__TO DO__
Each line of data below is to be returned exactly, leaving out any picture.

__DATA PROVIDED__
+++++

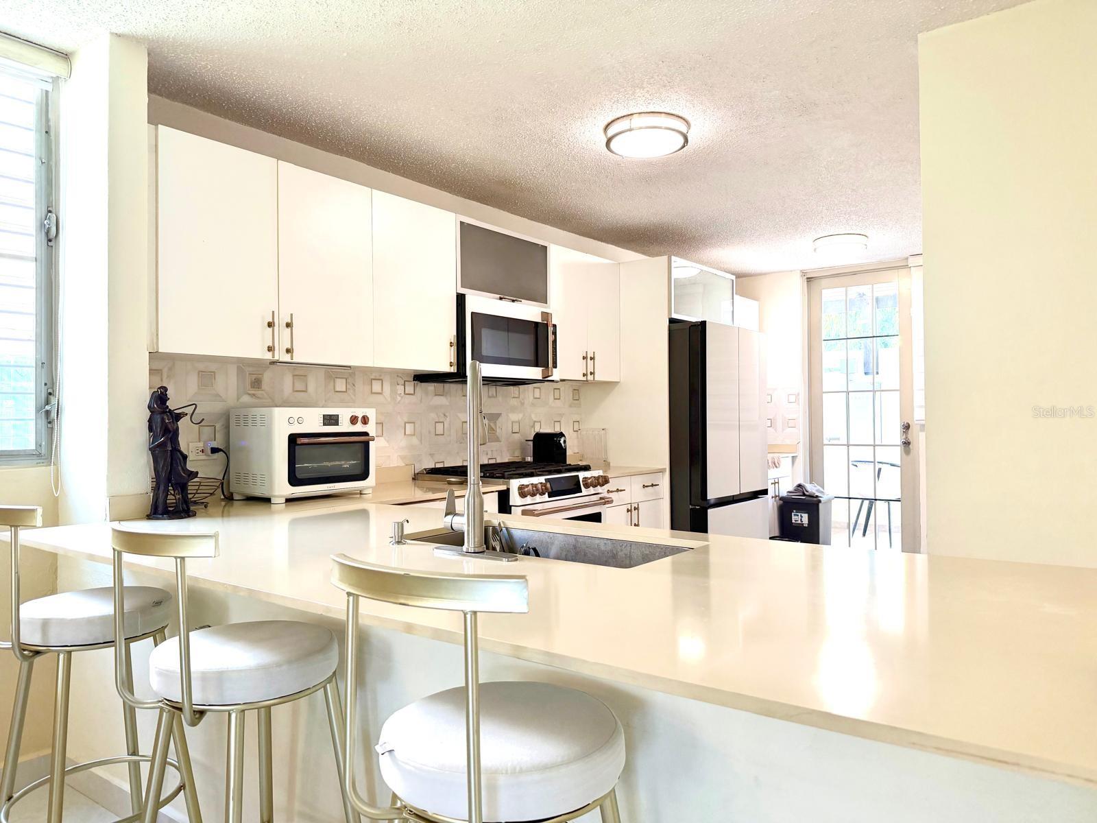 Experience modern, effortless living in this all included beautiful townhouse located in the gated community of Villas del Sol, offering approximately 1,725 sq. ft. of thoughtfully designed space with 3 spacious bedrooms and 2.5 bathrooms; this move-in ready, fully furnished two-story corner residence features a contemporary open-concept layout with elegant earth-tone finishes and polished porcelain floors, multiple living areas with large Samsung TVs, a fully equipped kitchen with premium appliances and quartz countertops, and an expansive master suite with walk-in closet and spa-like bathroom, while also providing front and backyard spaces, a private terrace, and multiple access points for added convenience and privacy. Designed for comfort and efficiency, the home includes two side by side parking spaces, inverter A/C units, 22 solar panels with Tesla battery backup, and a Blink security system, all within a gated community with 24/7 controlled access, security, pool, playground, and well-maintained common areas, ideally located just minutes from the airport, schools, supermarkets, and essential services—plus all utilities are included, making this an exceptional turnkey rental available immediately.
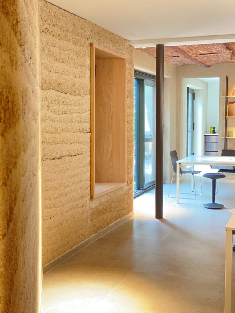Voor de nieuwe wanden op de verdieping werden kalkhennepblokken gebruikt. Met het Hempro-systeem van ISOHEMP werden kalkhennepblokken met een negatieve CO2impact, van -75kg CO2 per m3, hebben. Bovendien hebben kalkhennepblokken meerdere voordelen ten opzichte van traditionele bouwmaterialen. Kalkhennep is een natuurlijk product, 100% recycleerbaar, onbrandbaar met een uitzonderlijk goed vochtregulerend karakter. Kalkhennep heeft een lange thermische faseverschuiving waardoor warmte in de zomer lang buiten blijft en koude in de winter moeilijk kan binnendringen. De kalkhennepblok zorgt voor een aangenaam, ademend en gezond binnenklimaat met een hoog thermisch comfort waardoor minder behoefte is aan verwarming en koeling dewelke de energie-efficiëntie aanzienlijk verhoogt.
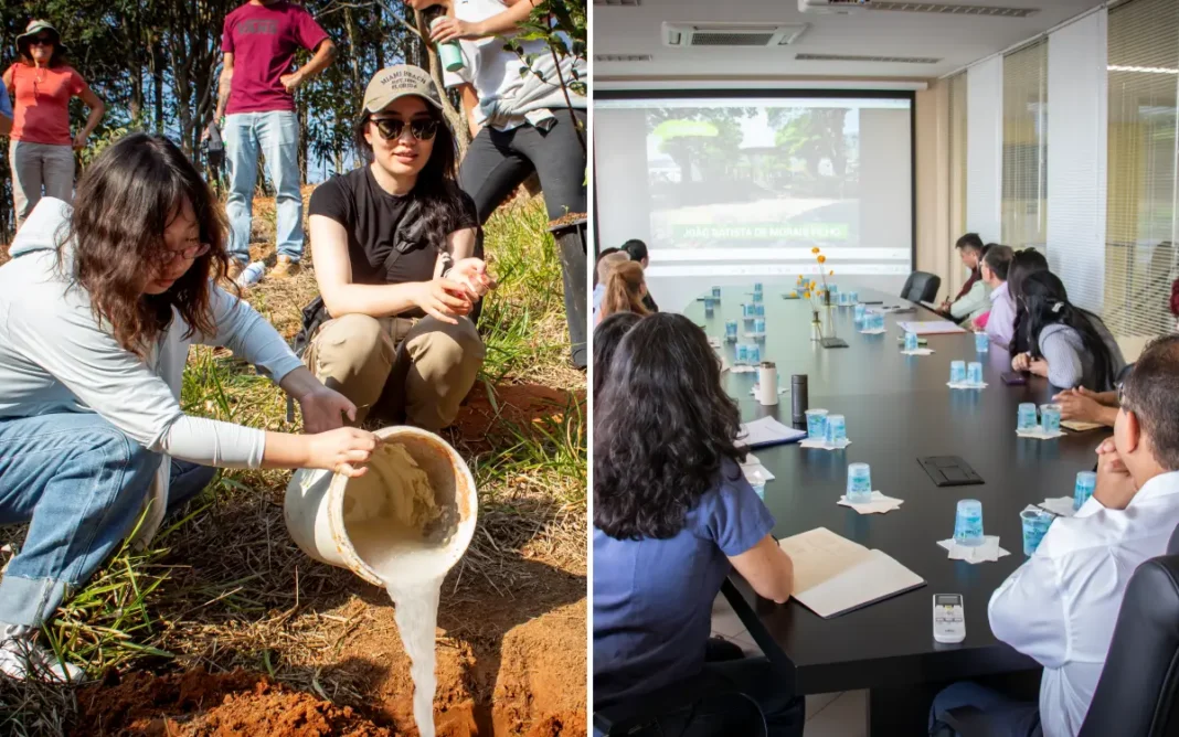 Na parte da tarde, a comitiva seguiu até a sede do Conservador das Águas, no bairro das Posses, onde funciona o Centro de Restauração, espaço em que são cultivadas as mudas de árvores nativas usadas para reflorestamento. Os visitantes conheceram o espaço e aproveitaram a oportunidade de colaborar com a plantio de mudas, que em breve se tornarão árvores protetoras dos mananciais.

+++++

__ANSWER SECTION__
 Experience modern, effortless living in this all included beautiful townhouse located in the gated community of Villas del Sol, offering approximately 1,725 sq. ft. of thoughtfully designed space with 3 spacious bedrooms and 2.5 bathrooms; this move-in ready, fully furnished two-story corner residence features a contemporary open-concept layout with elegant earth-tone finishes and polished porcelain floors, multiple living areas with large Samsung TVs, a fully equipped kitchen with premium appliances and quartz countertops, and an expansive master suite with walk-in closet and spa-like bathroom, while also providing front and backyard spaces, a private terrace, and multiple access points for added convenience and privacy. Designed for comfort and efficiency, the home includes two side by side parking spaces, inverter A/C units, 22 solar panels with Tesla battery backup, and a Blink security system, all within a gated community with 24/7 controlled access, security, pool, playground, and well-maintained common areas, ideally located just minutes from the airport, schools, supermarkets, and essential services—plus all utilities are included, making this an exceptional turnkey rental available immediately.
Voor de nieuwe wanden op de verdieping werden kalkhennepblokken gebruikt. Met het Hempro-systeem van ISOHEMP werden kalkhennepblokken met een negatieve CO2impact, van -75kg CO2 per m3, hebben. Bovendien hebben kalkhennepblokken meerdere voordelen ten opzichte van traditionele bouwmaterialen. Kalkhennep is een natuurlijk product, 100% recycleerbaar, onbrandbaar met een uitzonderlijk goed vochtregulerend karakter. Kalkhennep heeft een lange thermische faseverschuiving waardoor warmte in de zomer lang buiten blijft en koude in de winter moeilijk kan binnendringen. De kalkhennepblok zorgt voor een aangenaam, ademend en gezond binnenklimaat met een hoog thermisch comfort waardoor minder behoefte is aan verwarming en koeling dewelke de energie-efficiëntie aanzienlijk verhoogt.
 Na parte da tarde, a comitiva seguiu até a sede do Conservador das Águas, no bairro das Posses, onde funciona o Centro de Restauração, espaço em que são cultivadas as mudas de árvores nativas usadas para reflorestamento. Os visitantes conheceram o espaço e aproveitaram a oportunidade de colaborar com a plantio de mudas, que em breve se tornarão árvores protetoras dos mananciais.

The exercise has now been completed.